Best practice #4: Make intentional choices about nullability

All fields in GraphQL are nullable by default and it's often best to err on the side of embracing that default behavior as new fields are initially added to a schema. However, where warranted, non-null fields and arguments (denoted with a trailing !) are an important mechanism that can help improve the expressiveness and predictability of a schema. Non-null fields can also be a win for clients because they will know exactly where to expect values to be returned when handling query responses. Non-null fields and arguments do, of course, come with trade-offs, and it's important to weigh the implications of each choice you make about nullability for every type, field, and argument in a schema.
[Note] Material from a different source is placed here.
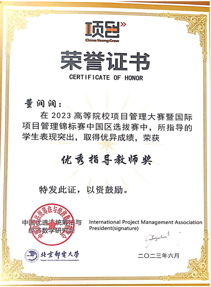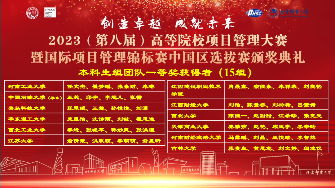 2023年6月3日,由中国优选法统筹法与经济数学研究会和国际项目管理协会(IPMA)联合主办,北京邮电大学承办,上海普华科技发展股份有限公司、西安华鼎项目管理咨询有限责任公司协办的“2023年(第八届)高等院校项目管理大赛暨国际项目管理锦标赛中国区选拔赛颁奖典礼”在北京邮电大学举行。我校yanetfix 工程管理专业组成的参赛队伍成功进入全国总决赛,经过层层角逐,最终取得本科生组团队一等奖第一名。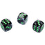Gemini 12mm w/pips Black-Grey/green d6 ~ Multiple loose dice are pictured to show all sides and possible color variations. Item Code is for individual dice.

Plan for backward compatibility

Including non-null fields and arguments in a schema makes that schema harder to evolve where a client expects a previously non-null field's value to be provided in a response. For example, if a non-null email field on a User type is converted to a nullable field, will the clients that use that field be prepared to handle this potentially null value after the schema is updated? Similarly, if the schema changes in such a way that a client is suddenly expected to send a previously nullable argument with a request, then this may also result in a breaking change.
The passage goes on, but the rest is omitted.